Wpisy do logu 05.Drizzt z domu Urden 7x 0x 2x
2019-09-04 16:45 slawekragnar (2078) - Komentarz
Skrzynka w miejscu niebezpiecznym-archiwizacja.
2019-09-04 16:44 slawekragnar (2078) - Skrzynka została zarchiwizowana
2018-11-11 14:12 Opona Tramwajowa (3486) - Znaleziona
Najbardziej podchwytliwe miejsce ukrycia było puste, a to już niepodobne do Sławka :). Po dłuższych poszukiwaniach mikrus się poddał, za to wełna dokuczała jeszcze przez długi czas. Dzięki
2018-11-11 14:05 gura (6312) - Znaleziona
#2820
Wyprawa niepodległościowa ;)
Najbardziej upierdliwy. Aż musieliśmy się konsultować. No ale był tam gdzie miał być. Opony trochę zwaciały szklanie po tym keszu.
2018-11-11 14:03 Lumen (8571) - Znaleziona
Po tej skrzyneczce moje spodnie i buciory nadawały się jedynie do pralki z podwójnym wirowaniem. Kesz ukrywał się długo, sprytnie schowany!
2018-08-18 10:30 Esi4 (2078) - Znaleziona
Jakimś cudem w końcu się udało, choć zwątpienie już przyszło
2018-08-18 10:30 AER (1594) - Znaleziona
Weekendowe keszospacery dorosłej części AERoklubu.

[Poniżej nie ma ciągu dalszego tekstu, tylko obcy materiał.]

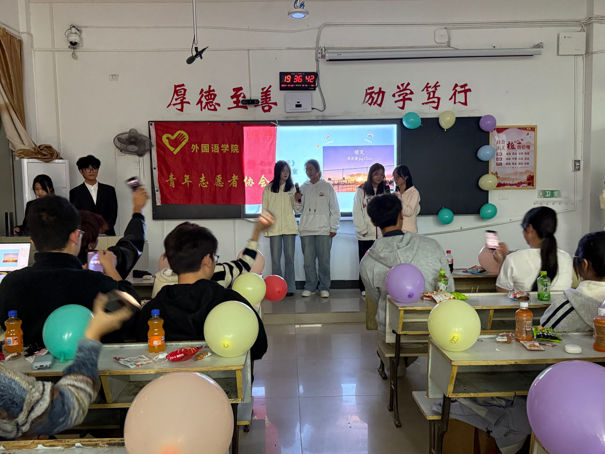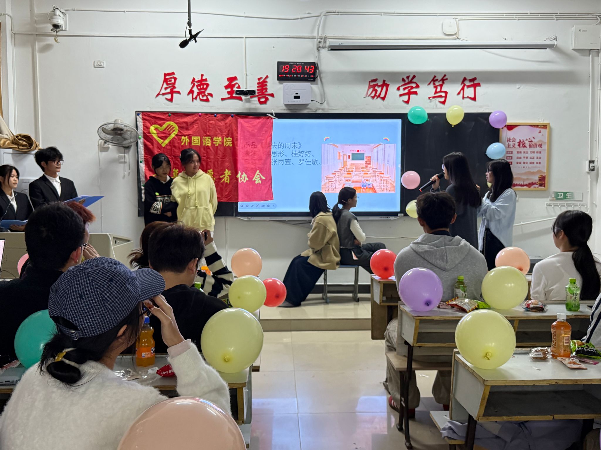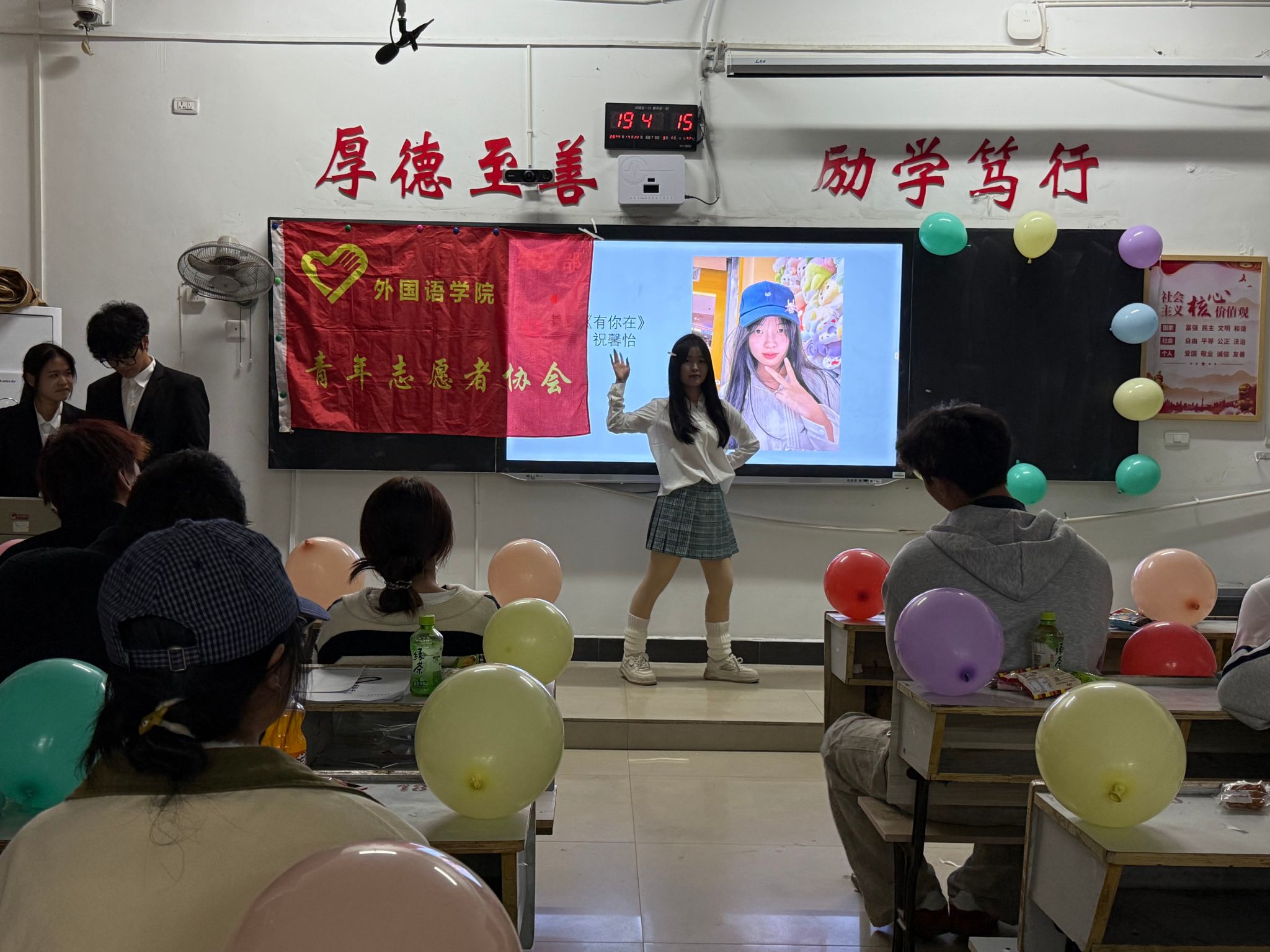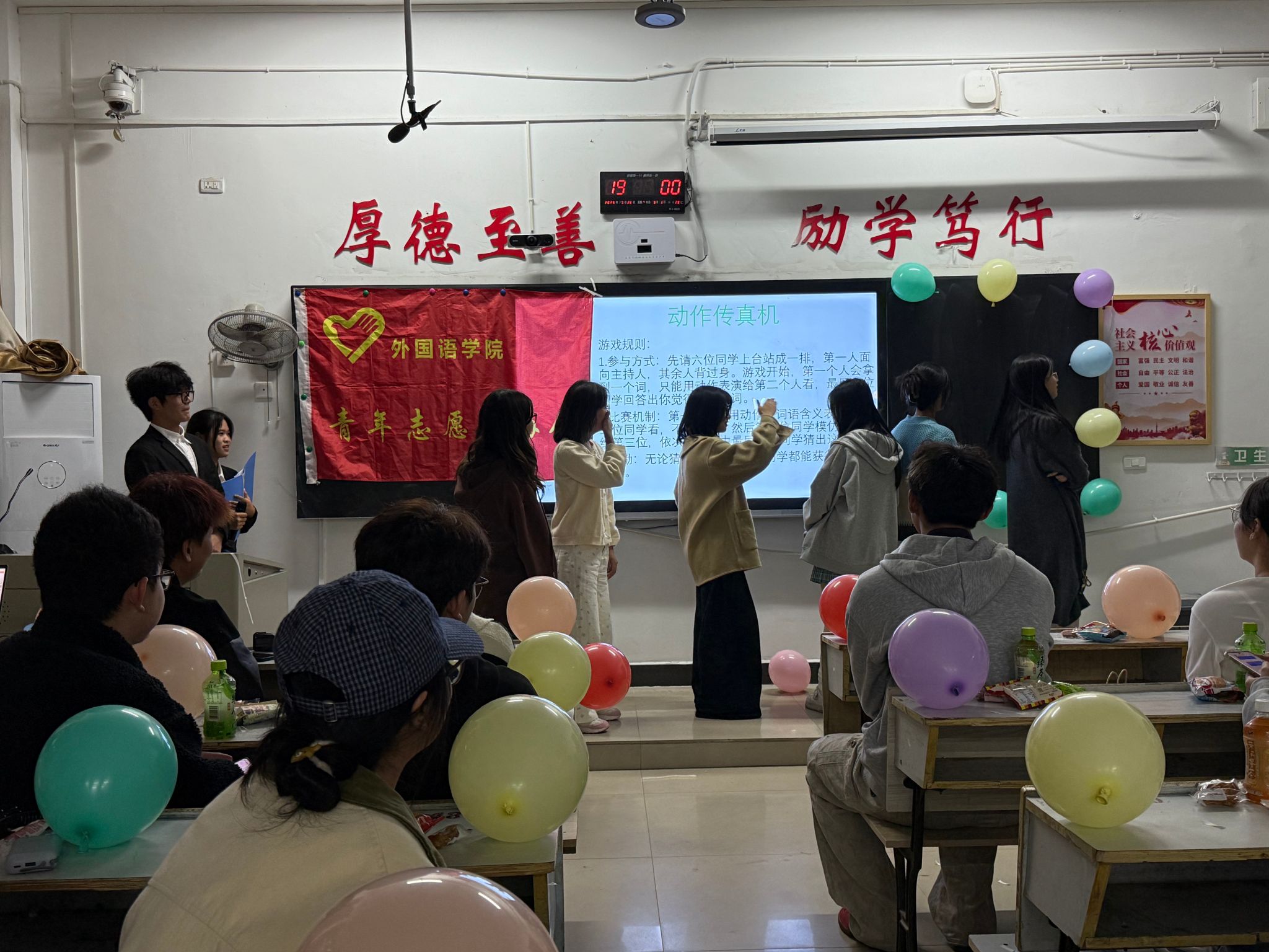 首先,主持人罗嗣正和肖钰欣宣布活动开始。在观众热烈的掌声中,网络部的小伙伴给我们呈现舞蹈《快乐的扑满》,接着是文宣部的小伙伴带来的独唱《特别的人》,在人资部的同学唱完歌曲《说好的幸福呢》后,进入第一轮游戏环节“听歌识曲”,大家都积极参与其中,教室里弥漫着欢声笑语。游戏结束后,多个部门合作带来了小品《消失的周末》,随后办公室的小伙伴演唱了歌曲《晴天》,接下来便是第二轮游戏环节“动作传真机”,小伙伴们在游戏中既收获了快乐也增进了默契。游戏结束后,由组织部的小伙伴带来舞蹈《有你在》,接着组织部的另一个小伙伴给我们带来了歌曲演唱《山楂树之恋》,欢快的歌曲营造出温馨的氛围,小伙伴们纷纷打开手机闪光灯,随着歌声摇摆,新闻部小伙伴的歌曲《勇气》也让大家沉浸其中。接下来,第三轮游戏“三二一看这边”,小伙伴们在游戏中收获了许多快乐的时刻。随后,由社会实践部压轴合唱《我们的明天》。然后,24级理事会成员以视频的形式,表达了自己对23级理事会的学长学姐们的感谢,并祝福23级理事会的学长学姐们在未来的道路上越走越远,也希望25级青协成员在这个大家庭中不断发现更好的自己。最后,全体beats365亚洲版官网青协成员一起合影留念。至此,本次活动圆满结束。

Cztery osoby, dwadzieścia minut, dwa telefony pospojlerowe i nic. Rozstąp się ziemio! diabeł ogonem nakrył! Nimo!
A potem druga wizyta, już ze stuprocentowym spojlerem od Właściciela i znalezione w dziesięć sekund… NA PEWNO tam szukaliśmy!
Geoślepota, nauczka i upokorzenie. Dziękuję bardzo, kubeł zimnej wody co jakiś czas wskazany…
AERoklub
2018-04-18 18:45 slawekragnar (2078) - Komentarz
Proszę przed wejściem przeczytać szyfrowaną podpowiedź, a keszerów o delikatnym naskórku ostrzegam raz jeszcze: to jest skrzynka niebezpieczna :P
2018-04-14 14:04 niemen (2518) - Znaleziona
FTF razem z Weskerem
O dżizys, tego kesza omijajcie szerokim łukiem, szukając utonęliśmy w mgławicy szklanej waty... do wieczora czochraliśmy się i pluliśmy jak dzikie świnie... a miałeś Sławku super dziurę o podobnym wejściu, ale na pewno czyściejszą, 100m na północ od Jasnowłosej. Po raz pierwszy na OC daję dwóję, Sławek - popraw się
2018-04-14 14:02 Wesker (10117) - Znaleziona
FTF z Niemenem. Tu niestety nam się mniej podobało, a to wszystko ze względu na wełnę mineralną, która czuliśmy bardzo długo. Jak się weszło to było spoko, ale po chwili gramolenia się w środku cała wełna zaczęła unosić się w powietrzu. Keszyk bardzo dobrze schowany, przegapiony przez nas przy pierwszych poszukiwaniach. Dzięki.